Goal of the exercise. In the entries below, find the line with "Kit 3 quadros" and the line with "Сравнительная характеристика хвоща,плауна"; copy them and every line between them exactly, but not the pictures.

Source records.
——————————

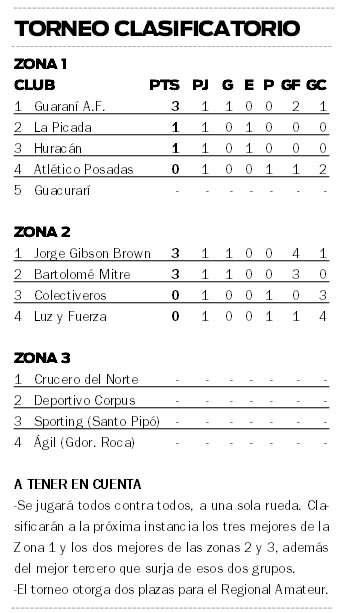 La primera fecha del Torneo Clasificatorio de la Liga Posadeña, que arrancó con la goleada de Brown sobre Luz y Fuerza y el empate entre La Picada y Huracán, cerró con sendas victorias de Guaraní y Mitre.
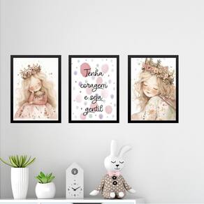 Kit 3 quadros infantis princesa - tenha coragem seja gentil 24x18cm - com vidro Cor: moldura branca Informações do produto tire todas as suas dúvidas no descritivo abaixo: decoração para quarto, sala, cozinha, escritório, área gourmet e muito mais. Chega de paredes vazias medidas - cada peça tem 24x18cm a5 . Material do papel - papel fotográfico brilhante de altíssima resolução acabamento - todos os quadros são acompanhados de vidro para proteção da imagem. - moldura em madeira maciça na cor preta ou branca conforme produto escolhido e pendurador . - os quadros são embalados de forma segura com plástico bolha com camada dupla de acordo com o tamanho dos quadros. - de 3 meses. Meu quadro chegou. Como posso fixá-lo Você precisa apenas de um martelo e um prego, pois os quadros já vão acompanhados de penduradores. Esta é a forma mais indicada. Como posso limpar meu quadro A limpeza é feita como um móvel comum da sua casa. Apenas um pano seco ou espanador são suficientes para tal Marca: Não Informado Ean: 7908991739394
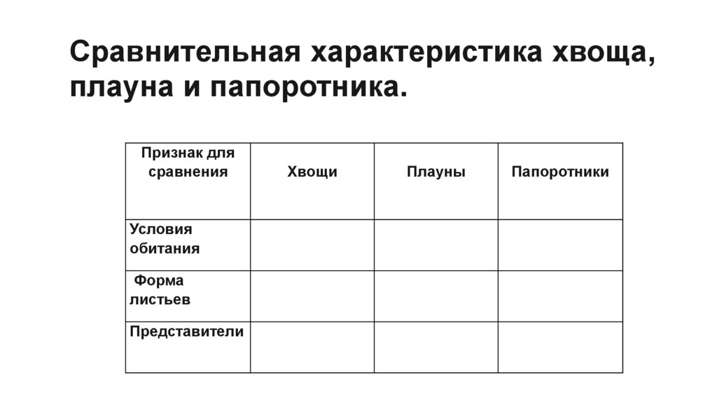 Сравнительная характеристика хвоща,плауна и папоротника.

——————————

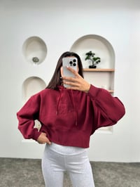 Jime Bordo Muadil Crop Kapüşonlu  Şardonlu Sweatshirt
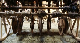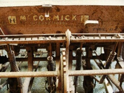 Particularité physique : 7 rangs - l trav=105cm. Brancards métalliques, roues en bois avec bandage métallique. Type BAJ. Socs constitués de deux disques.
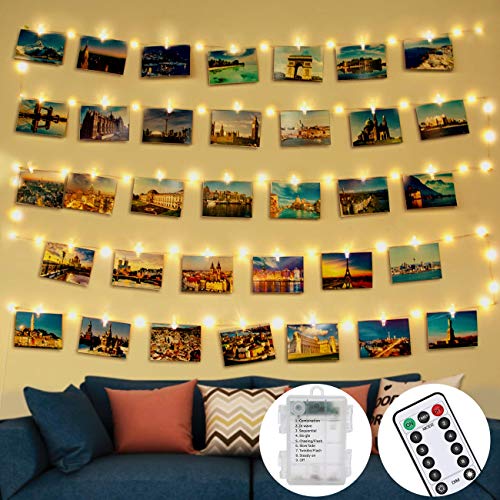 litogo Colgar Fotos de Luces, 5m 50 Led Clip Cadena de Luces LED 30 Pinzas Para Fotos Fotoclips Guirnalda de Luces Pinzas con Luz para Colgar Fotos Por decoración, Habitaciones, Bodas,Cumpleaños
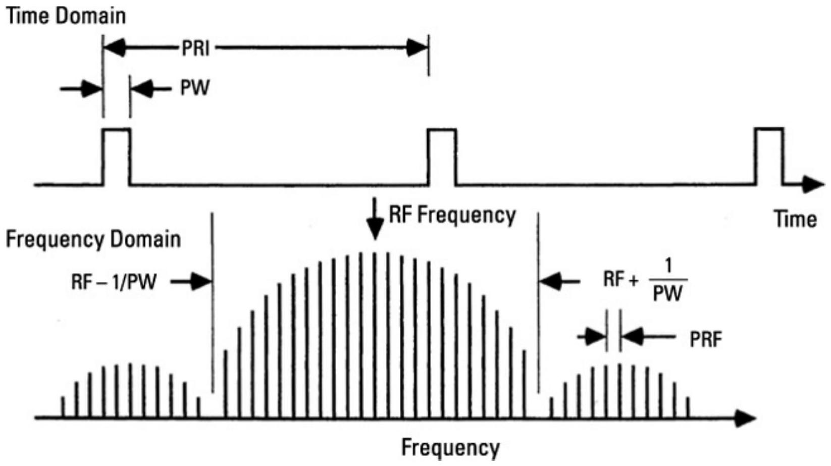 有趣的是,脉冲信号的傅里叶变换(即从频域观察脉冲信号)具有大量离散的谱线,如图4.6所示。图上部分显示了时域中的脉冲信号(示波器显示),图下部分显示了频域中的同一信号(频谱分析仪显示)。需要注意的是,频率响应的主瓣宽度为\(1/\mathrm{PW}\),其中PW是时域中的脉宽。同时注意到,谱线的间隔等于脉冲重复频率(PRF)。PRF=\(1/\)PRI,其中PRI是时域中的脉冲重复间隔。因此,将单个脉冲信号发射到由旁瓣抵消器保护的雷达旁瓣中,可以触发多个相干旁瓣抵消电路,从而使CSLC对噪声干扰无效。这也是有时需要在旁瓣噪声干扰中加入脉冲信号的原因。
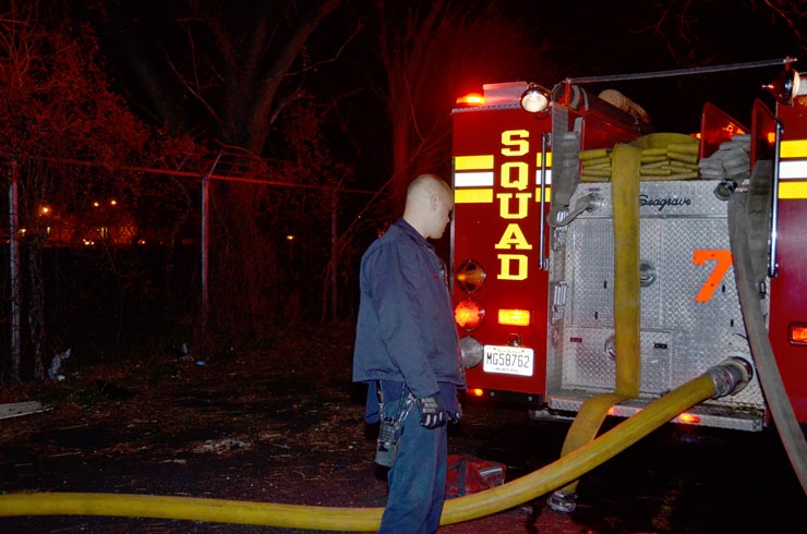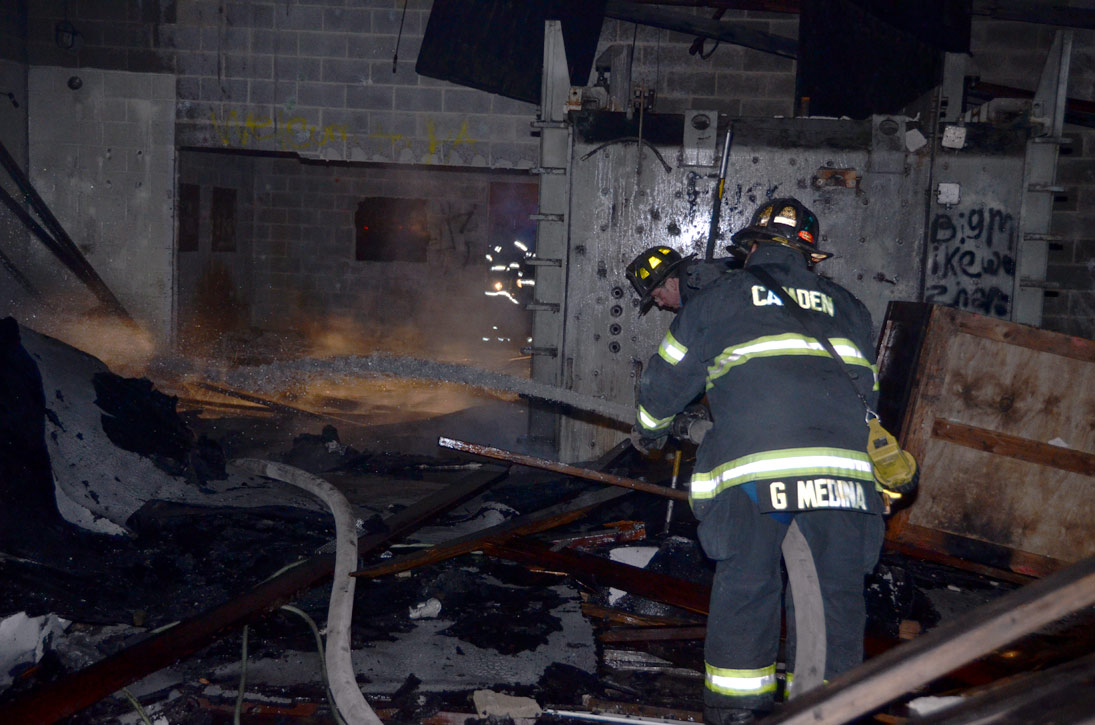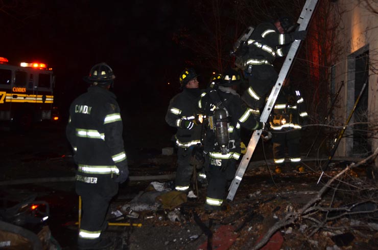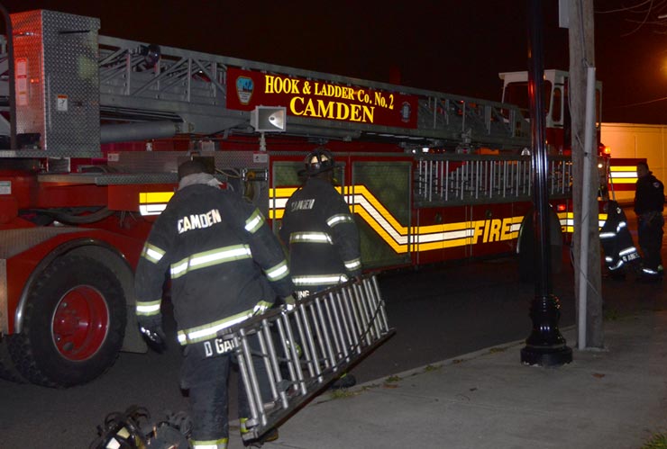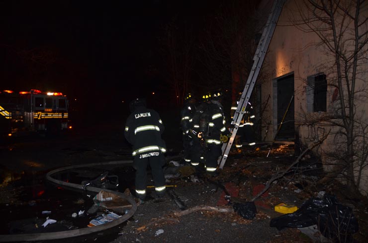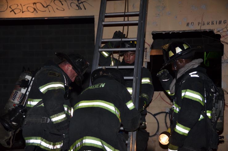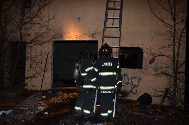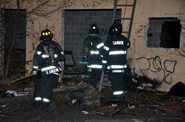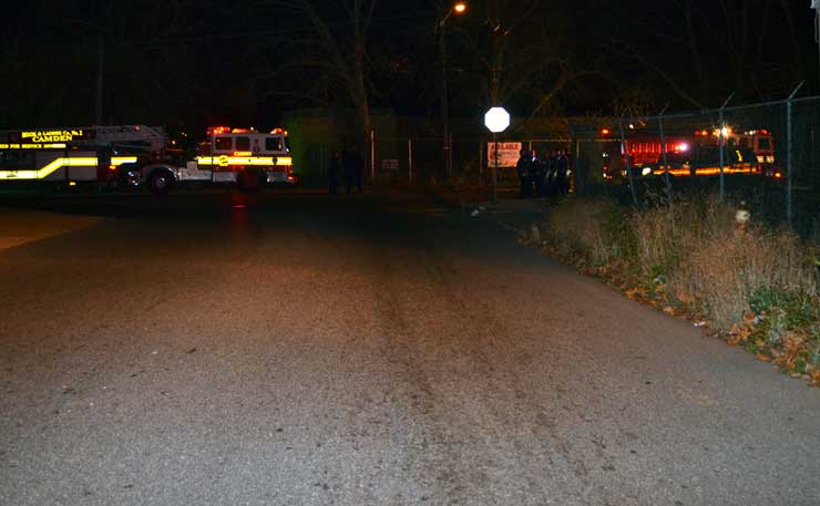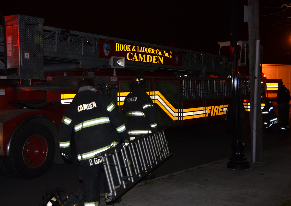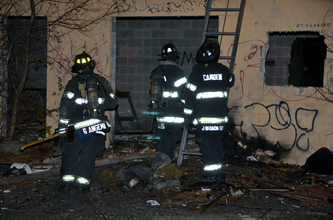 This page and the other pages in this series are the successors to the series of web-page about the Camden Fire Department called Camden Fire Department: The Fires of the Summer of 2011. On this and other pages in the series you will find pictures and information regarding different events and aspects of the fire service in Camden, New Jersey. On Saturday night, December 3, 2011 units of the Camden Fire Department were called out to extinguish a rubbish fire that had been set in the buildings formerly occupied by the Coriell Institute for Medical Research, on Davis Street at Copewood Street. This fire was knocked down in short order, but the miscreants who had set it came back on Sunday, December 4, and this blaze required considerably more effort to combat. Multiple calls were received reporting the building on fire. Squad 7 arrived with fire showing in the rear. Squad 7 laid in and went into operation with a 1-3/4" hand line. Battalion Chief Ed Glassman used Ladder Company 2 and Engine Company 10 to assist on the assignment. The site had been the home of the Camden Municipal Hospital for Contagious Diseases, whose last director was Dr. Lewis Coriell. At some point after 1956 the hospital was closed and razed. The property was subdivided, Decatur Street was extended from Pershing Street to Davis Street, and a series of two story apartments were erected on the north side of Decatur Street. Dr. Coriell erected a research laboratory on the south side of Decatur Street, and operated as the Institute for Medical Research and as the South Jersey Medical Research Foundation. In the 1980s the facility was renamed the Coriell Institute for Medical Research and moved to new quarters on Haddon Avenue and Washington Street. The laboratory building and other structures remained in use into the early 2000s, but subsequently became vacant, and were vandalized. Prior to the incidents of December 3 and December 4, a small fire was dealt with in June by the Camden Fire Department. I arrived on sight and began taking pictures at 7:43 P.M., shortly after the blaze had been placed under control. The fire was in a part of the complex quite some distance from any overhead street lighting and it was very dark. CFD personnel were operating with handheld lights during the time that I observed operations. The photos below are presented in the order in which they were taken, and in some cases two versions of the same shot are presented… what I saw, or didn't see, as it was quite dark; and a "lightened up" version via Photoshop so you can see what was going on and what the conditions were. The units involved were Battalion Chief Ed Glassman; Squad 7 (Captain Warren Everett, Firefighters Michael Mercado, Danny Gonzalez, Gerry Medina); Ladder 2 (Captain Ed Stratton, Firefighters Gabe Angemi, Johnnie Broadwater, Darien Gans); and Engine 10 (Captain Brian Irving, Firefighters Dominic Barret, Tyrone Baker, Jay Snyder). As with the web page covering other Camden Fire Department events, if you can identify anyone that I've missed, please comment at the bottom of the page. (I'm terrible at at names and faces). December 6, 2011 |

——————————

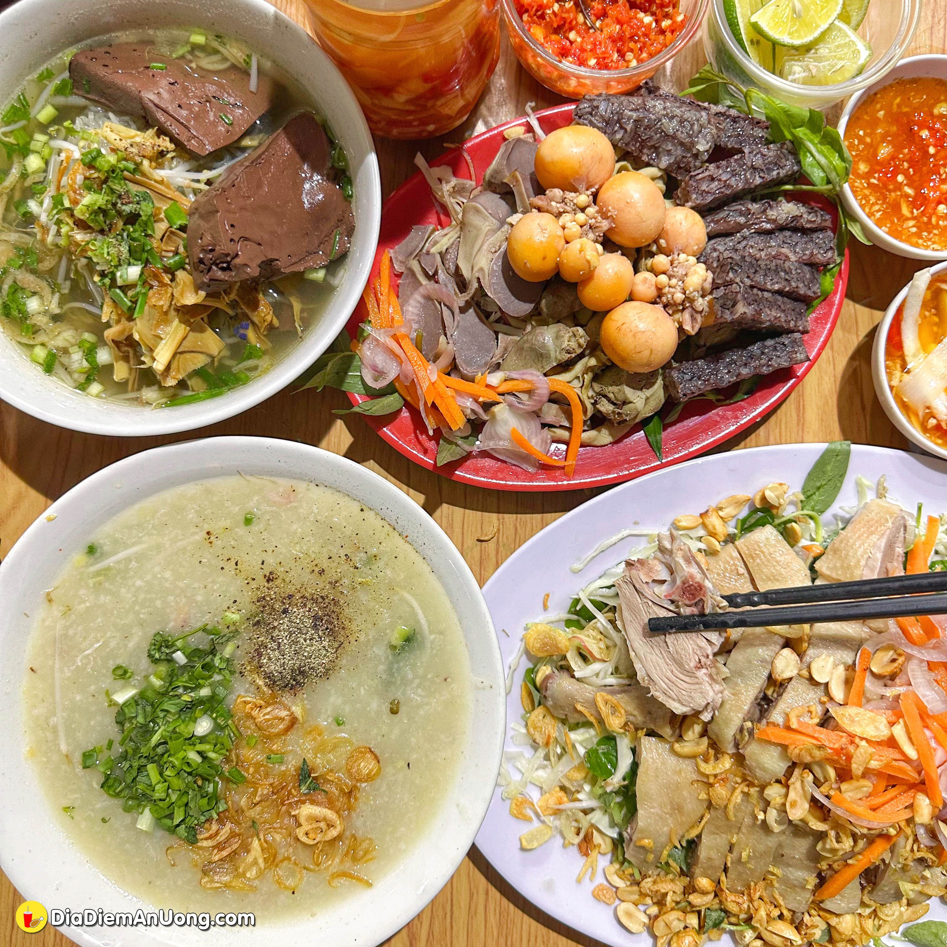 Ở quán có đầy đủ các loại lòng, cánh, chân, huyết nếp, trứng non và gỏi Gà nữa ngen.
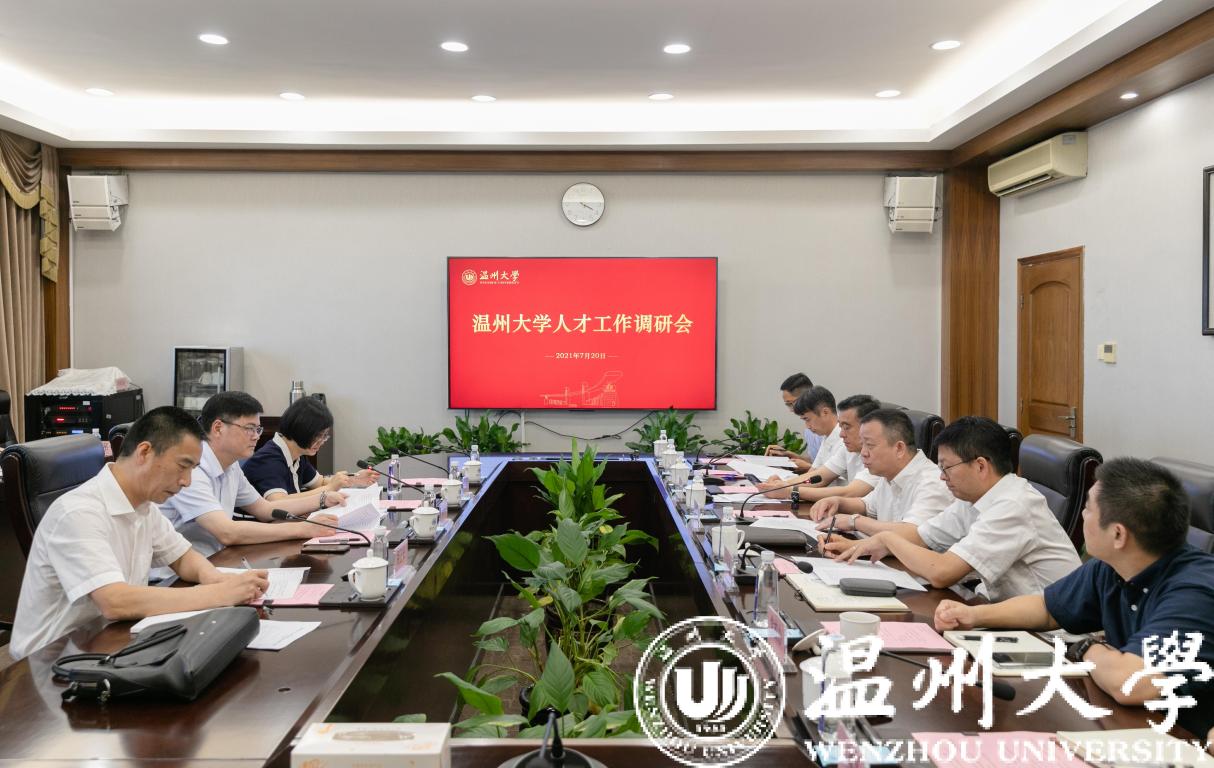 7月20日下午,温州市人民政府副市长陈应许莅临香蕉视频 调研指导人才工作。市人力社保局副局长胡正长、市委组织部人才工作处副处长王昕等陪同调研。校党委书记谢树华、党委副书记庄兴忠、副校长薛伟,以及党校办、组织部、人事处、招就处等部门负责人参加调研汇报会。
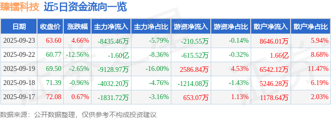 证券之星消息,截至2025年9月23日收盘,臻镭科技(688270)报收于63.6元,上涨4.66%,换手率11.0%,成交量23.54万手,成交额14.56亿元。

——————————

Exercise solution.
 Kit 3 quadros infantis princesa - tenha coragem seja gentil 24x18cm - com vidro Cor: moldura branca Informações do produto tire todas as suas dúvidas no descritivo abaixo: decoração para quarto, sala, cozinha, escritório, área gourmet e muito mais. Chega de paredes vazias medidas - cada peça tem 24x18cm a5 . Material do papel - papel fotográfico brilhante de altíssima resolução acabamento - todos os quadros são acompanhados de vidro para proteção da imagem. - moldura em madeira maciça na cor preta ou branca conforme produto escolhido e pendurador . - os quadros são embalados de forma segura com plástico bolha com camada dupla de acordo com o tamanho dos quadros. - de 3 meses. Meu quadro chegou. Como posso fixá-lo Você precisa apenas de um martelo e um prego, pois os quadros já vão acompanhados de penduradores. Esta é a forma mais indicada. Como posso limpar meu quadro A limpeza é feita como um móvel comum da sua casa. Apenas um pano seco ou espanador são suficientes para tal Marca: Não Informado Ean: 7908991739394
 Сравнительная характеристика хвоща,плауна и папоротника.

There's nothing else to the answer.